Only the lines from the one containing "利根川を渡る長大な橋。下り路線側(下 流側)に歩道があり、歩いて渡ることが できる。" through the end of the listing belong in the answer, repeated exactly, with no pictures.

Available records:
━━━━━━━━━━━━━━━━━━━━
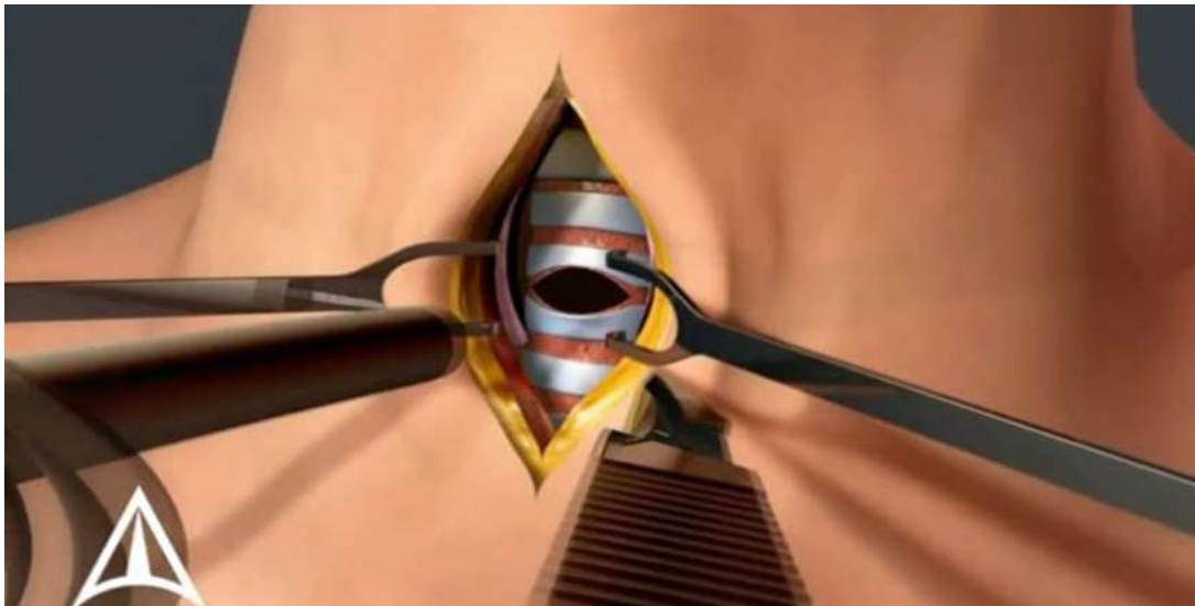
Slika 3.4.2.1. Prikaz traheotomije
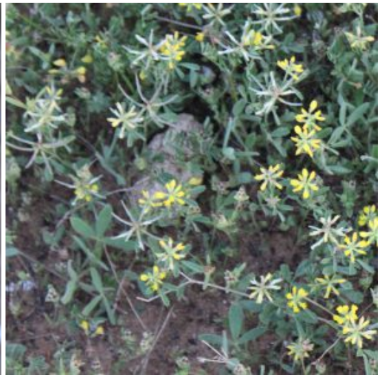
גרגרנית גלילנית.

מימין - פריחה ופירות; משמאל - תרמילים גליליים ורשתיים בעלי שערות הדוקות ומכסיפות
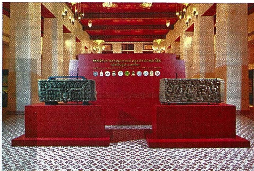
การจัดแสดงนิทรรศการของทับหลังทั้งสอง ณ พระที่นั่งอิศราวินิจฉัย พิพิธภัณฑ์สถานแห่งชาติพระนคร
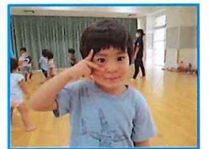
みんな一緒に嬉しいね!
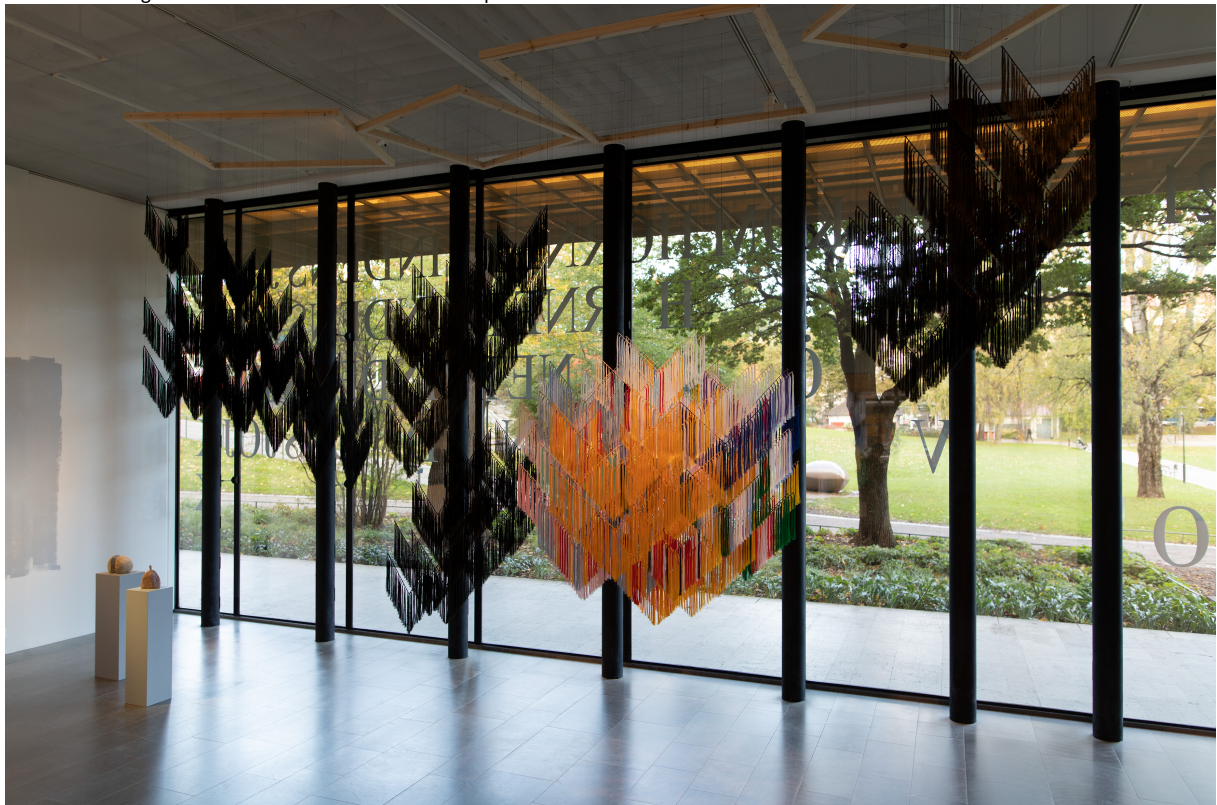
Spell on You , Outi Pieski
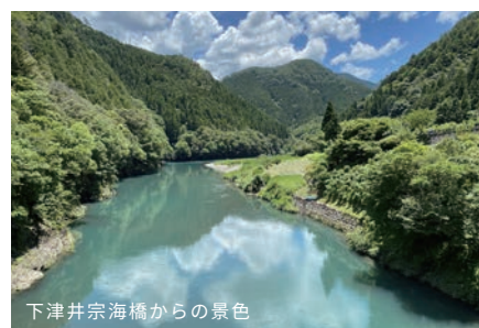
下津井宗海橋からの景色

私 が高知県への移住を決めたきっかけは、大学生時代まで遡ります。私が通っていた大学は高知工科大学で、4年の間に高知の食・自然・人が大好きになりました。特に、当時所属していた天文部では、高知県の各地に赴いて小学生対象に天文イベントを開催していたため、イベントを通して地元の方々に触れる機会が多く、高知県特有の人の明るさに惹かれました。
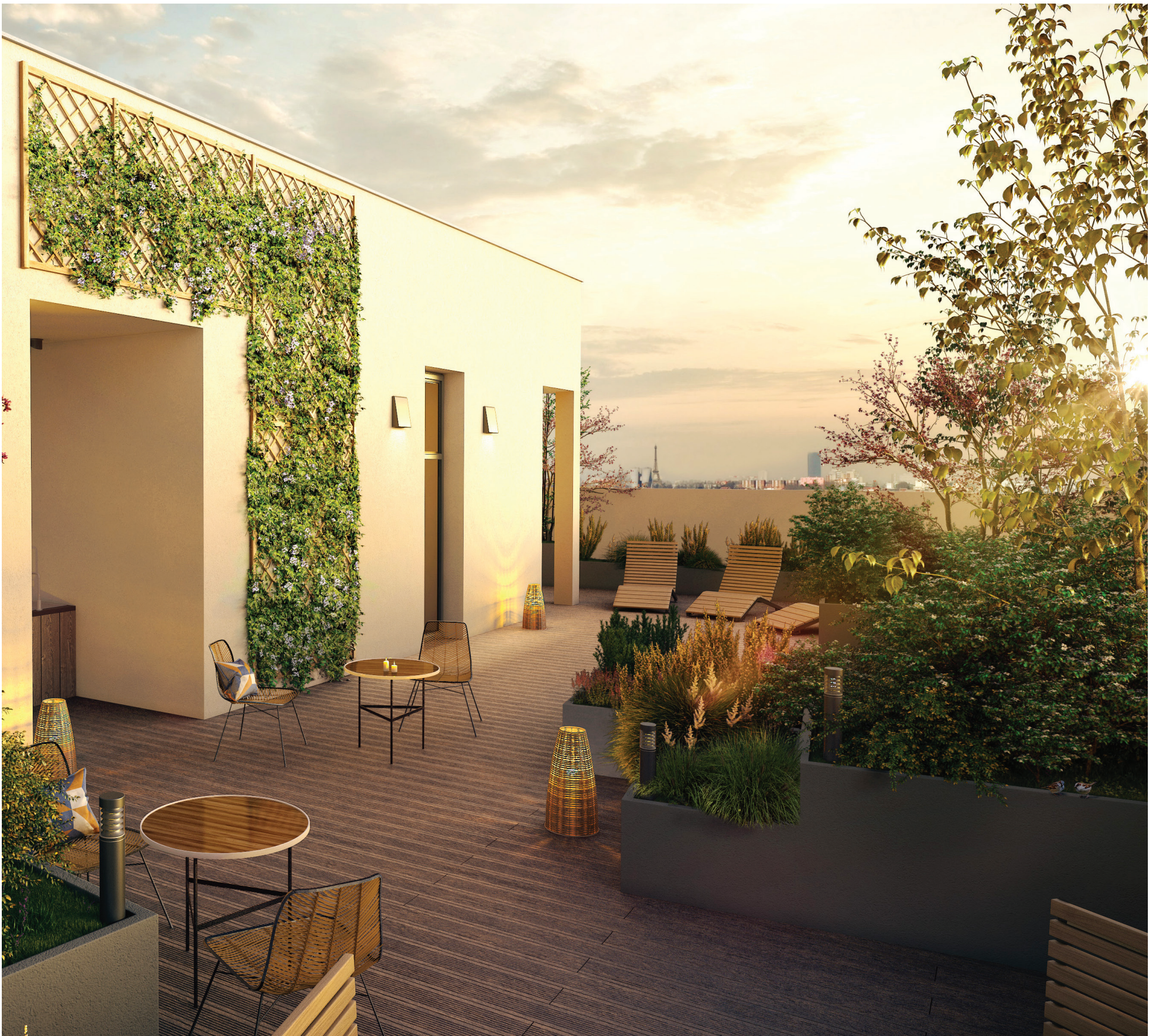
Vue de la terrasse partagée
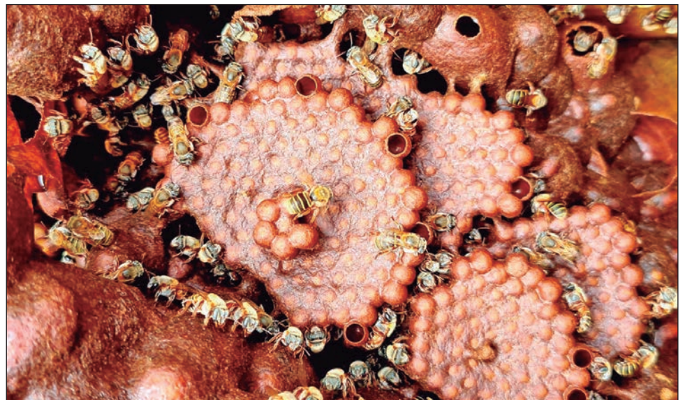
▲ Las abejas son consideradas el ente biológico más importado del mundo.

Señaló la importancia de conservar la salud de la
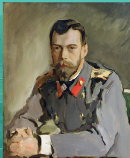
Портрет Николая II. В. А. Серов, ок. 1900 г.
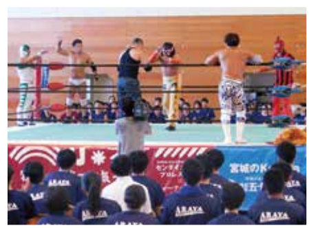
R5 みちのくプロレスによる興行(芸術文化教室)
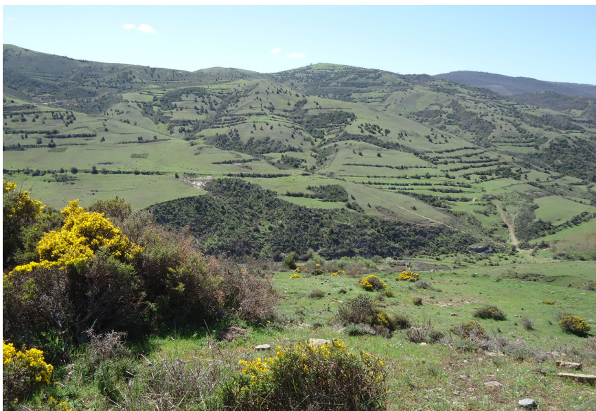
Figura 5. Ladera desbrozada de matorrales en Jalón de Cameros (Valle del Leza).
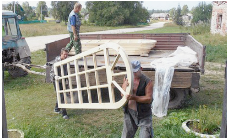
Новые рамы украсят башню центрального купола.
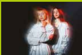
Malta Biennale
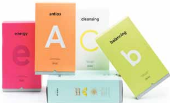
Verpackungsdesign Gold für die Agentur moodley brand identity für den Kunden Ringana GmbH, Reine Zutaten. Echte Wirkung.
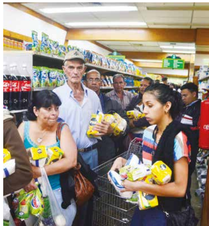
Polar es la expresión del rentismo.

En tercer lugar, el nieto del abogado Mendoza Fleury, mientras seguía jugando con los números, contó que su conglomerado de empresas es tan productivo y eficiente, que logró producir más de 14 litros de bebidas por cada divisa recibida. Confiando en sus cuentas habría que preguntarse en cuánto calcula Mendoza el valor de cada dólar, pues una botella de 2
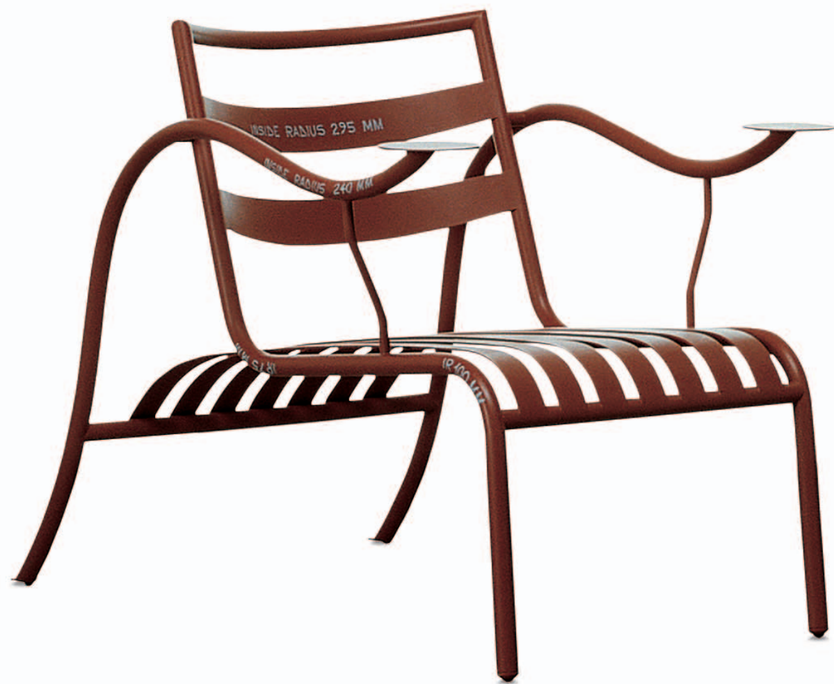
THINKING MAN'S CHAIR Jasper Morrison 1988
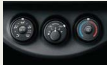
マニュアルエアコン
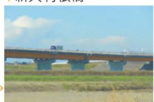
利根川を渡る長大な橋。下り路線側(下 流側)に歩道があり、歩いて渡ることが できる。
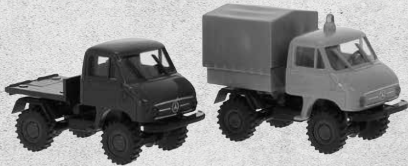
Sortiment zum ▲ Bau zweier MB Unimog 411, 1955 Nr. v 10217 17.95
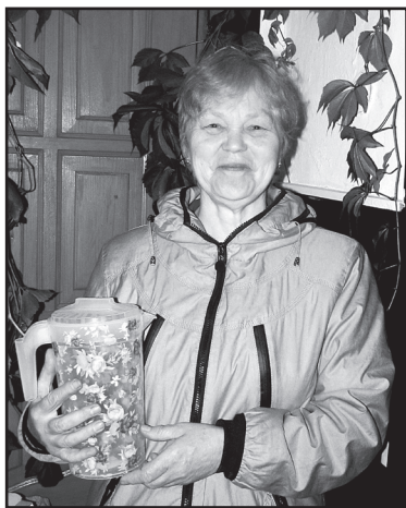
Участникам розыгрыша призы – моментально

для дома, для семьи. И всё, что немаловажно, российский производств. Вот так мы поддерживаем своего товаропроизводителя!
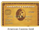
American Express Gold
━━━━━━━━━━━━━━━━━━━━
The completed task:
利根川を渡る長大な橋。下り路線側(下 流側)に歩道があり、歩いて渡ることが できる。
Sortiment zum ▲ Bau zweier MB Unimog 411, 1955 Nr. v 10217 17.95
Участникам розыгрыша призы – моментально

для дома, для семьи. И всё, что немаловажно, российский производств. Вот так мы поддерживаем своего товаропроизводителя!
American Express Gold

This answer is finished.